Die Erklärung enthält nichts Kreatives oder Neues, sondern ist im Grunde ein verwässerter Aufguss früherer Vereinbarungen aus den Jahren 2000 und 2005.

Die Erklärung enthält vier Punkte: 1. Das Versprechen der USA und Nordkoreas, mit neuen Beziehungen Frieden und Wohlstand zu schaffen, 2. Bemühungen der USA und Nordkoreas, ein "Friedensregime" auf der koreanischen Halbinsel zu schaffen, 3. die Bestätigung der Panmunjom-Erklärung vom 27. April 2018, in der sich Nordkorea verpflichtet, auf eine völlige Entnuklearisierung der koreanischen Halbinsel hinzuarbeiten, und 4. eine Klausel zur Rückführung der sterblichen Überreste von Kriegsgefangenen und Vermissten.

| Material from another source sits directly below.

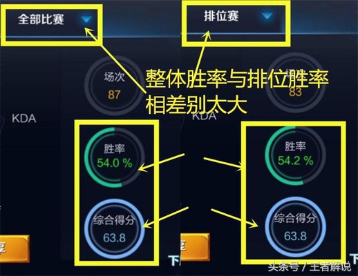 胜率平衡机制。王者荣耀中的胜率平衡机制是很特殊的一种机制,因为胜率分为全部比赛和单项比赛。而对于单排的玩家来说一定要把握好全部比赛的胜率与排位赛的胜率差。排位赛匹配机制中,胜率基本上是综合排位赛与全部比赛的胜率平均值来做参考的,所以如果你的排位赛胜率比较高,那么最高去把自己的全部比赛胜率拉低一些。这其中娱乐模式和匹配赛就成了很好的选择。让自己的平均胜率低一些,这样匹配到的队友就会好一些了。

Die Erklärung enthält nichts Kreatives oder Neues, sondern ist im Grunde ein verwässerter Aufguss früherer Vereinbarungen aus den Jahren 2000 und 2005. Schon die Panmunjom-Erklärung, die dem Gipfel vorausging, war vage formuliert gewesen, zielte aber ja auch nur darauf ab, die diplomatischen Bedingungen für ein Treffen zwischen Trump und Kim zu schaffen. Die Details sollten in Singapur besprochen werden.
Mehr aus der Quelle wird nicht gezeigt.